Cellular RNA binding protein (RBP) hnRNP D acts as a splicing inhibitor of HPV16 E1/E2 and E6/E7 mRNAs, generating intron-containing E1 and E6 mRNAs. N- and C-termini of hnRNP D contributed to HPV16 mRNA splicing control differently. The N- terminus of hnRNP D played the core inhibitory function. Furthermore, the RGG domain of the C- terminus contributed to splicing inhibition by interacting with the splicing machinery. Also, hnRNP D intensively interacted with HPV16 mRNAs in an RRM1 dependent manner. As a result, the cytoplasmic levels of intron-retained HPV16 mRNAs were increased in the presence of hnRNP D. In addition, we detected direct binding of hnRNP D to HPV16 mRNAs in an HPV16-driven tonsillar cancer cell line and in HPV16-immortalized human keratinocytes. Furthermore, knockdown of hnRNP D in HPV16-driven cervical cancer cells enhanced the production of the HPV16 E7 oncoprotein. Our results suggest that hnRNP D plays significant roles in the regulation of HPV gene expression and HPV-associated cancer development.

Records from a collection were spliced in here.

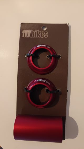 Juego de tapas de rodamientos Flybikes para bicicleta BMX, color rojo. Están nuevos a estrenar. También disponibles en color blanco, para bielas con eje de 22mm. - Marca: Flybikes - Color: Rojo - Material: Aluminio
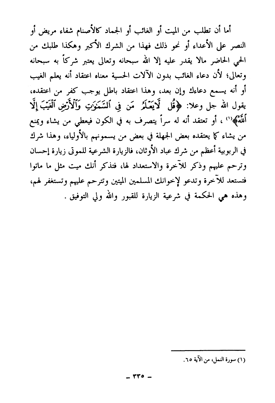 أما أن تطلب من الميت أو الغائب أو الجماد كالأصنام شفاء مريض أو النصر على الأعداء أو نحو ذلك فهذا من الشرك الأكبر، وهكذا طلبك من الحي الحاضر ما لا يقدر عليه إلا الله سبحانه وتعالى، يعتبر شركا به سبحانه وتعالى؛ لأن دعاء الغائب بدون الآلات الحسية معناه اعتقاد أنه يعلم الغيب أو أنه يسمع دعاءك وإن بعد، وهذا اعتقاد باطل يوجب كفر من اعتقده، يقول الله جل وعلا: {قُلْ لَا يَعْلَمُ مَنْ فِي السَّمَاوَاتِ وَالْأَرْضِ الْغَيْبَ إِلَّا اللَّهُ} (¬1) أو تعتفد أنه له سرا يتصرف به في الكون فيعطي من يشاء ويمنع من يشاء كما يعتقده بعض الجهلة في بعض من يسمونهم بالأولياء، وهذا شرك في الربوبية أعظم من شرك عباد الأوثان، فالزيارة الشرعية للموتى زيارة إحسان وترحم عليهم، وذكر للآخرة والاستعداد لها، فتذكر أنك ميت مثل ما ماتوا فتستعد للآخرة وتدعو لإخوانك المسلمين الميتين، وتترحم عليهم وتستغفر لهم، وهذه هي الحكمة في شرعية الزيارة للقبور، والله ولي التوفيق.
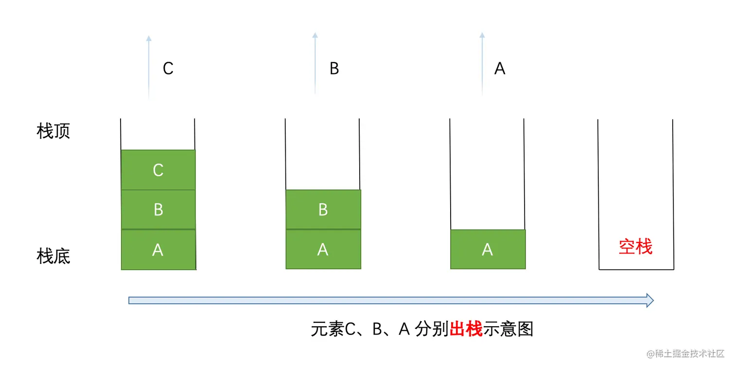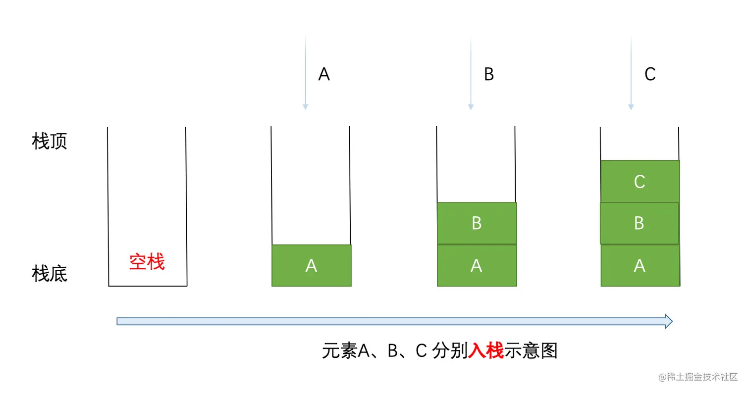 为了大家更好的形象了解我们通过示意图来看一下栈的入栈和出栈操作
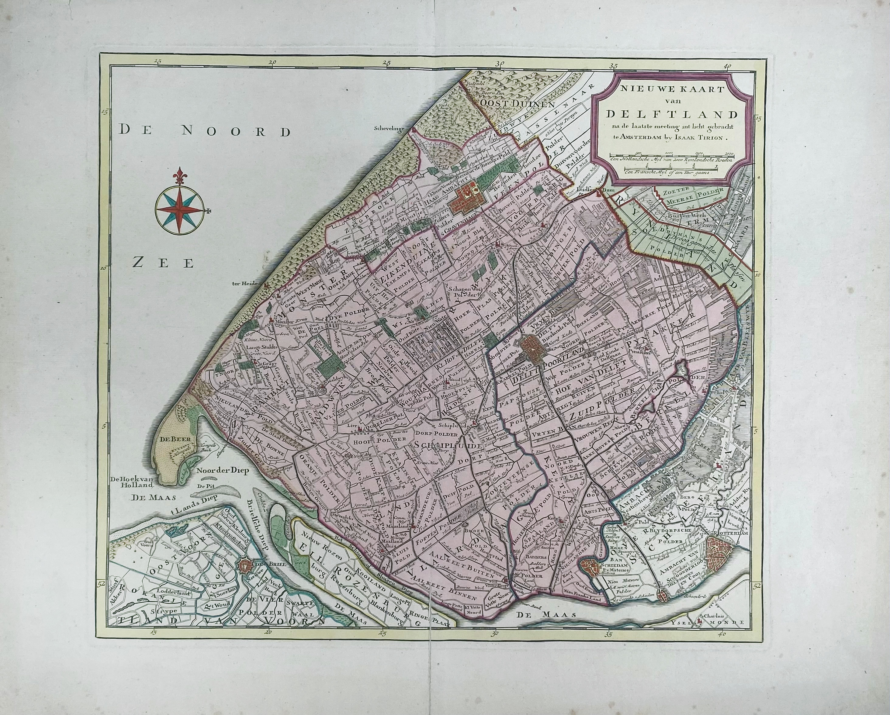 LOW COUNTRIES -- DELFT -- "DELFLANDIA, SCHIELANDIA, et insulæ trans Mosam illis objacentes ut sunt Voorna, Overflackea, Goerea, Yselmonda, etc." (Amst.), W.J. Blaeu, (1662). Cont. engr. cold. map. 385 x 502 mm. (With some sharp creases). -- "NIEUWE KAART VAN DELFTLAND". Delft, I. Tirion, (1753). Cont. engr. cold. map. 340 x 387 mm. (Ample margins, but w. tiny tears and some marg. foxing, sm. piece of blank lower left corner torn off). -- (2).
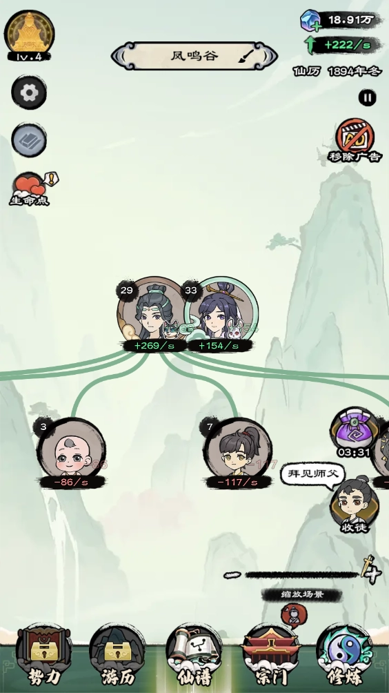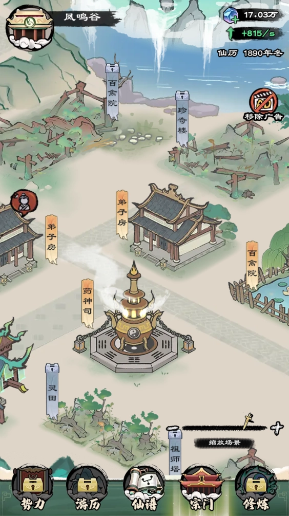 宗门:等级达到3级后解锁,可在此处建造各类设施,并安排弟子入驻修炼。
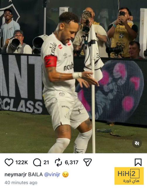 هاي كورة – احتفل النجم البرازيلي نيمار بهدفيه في مرمى فاسكو دي جاما على طريقة فينيسيوس جونيور كما نشر صورة من احتفاليته عبر حسابه على الانستغرام وعلق عليها ” أرقص يا فيني ” .

HPV16 mRNA m6A modification also affected alternative splicing. Overexpression of m6A demethylase ALKBH5 promoted E6 mRNA production and altered L1 splicing by regulating exon skipping. Overexpression of methyltransferase METTL3 induced E1 mRNA production and altered L1 oppositely to ALKBH5. YTHDC1 worked as an m6A reader that could induce E6 mRNA production. Our results suggest that m6A-modifications of HPV16 mRNAs contribute to the control of HPV16 gene expression.
In summary, in this thesis we report that the cellular hnRNP D protein plays a major role in the control of production of the HPV16 E1 mRNA as well as in the production of the E7 oncogene mRNA. We also found yet unidentified splicing regulatory elements in the HPV16 E6 coding region that affected E6/E7 mRNA splicing. In addition, non-transcribed sequences in the LCR may contribute to E6/E7 splicing regulation by altering the association of RNA polymerase with RNA binding proteins required for HPV16 mRNA splicing during a co-transcriptional splicing process. Finally, we found that m6A modification of HPV16 mRNAs contribute to control of HPV16 gene expression at the level of RNA processing. Taken together, these results enhance our understanding of the carcinogenic human papillomavirus HPV16.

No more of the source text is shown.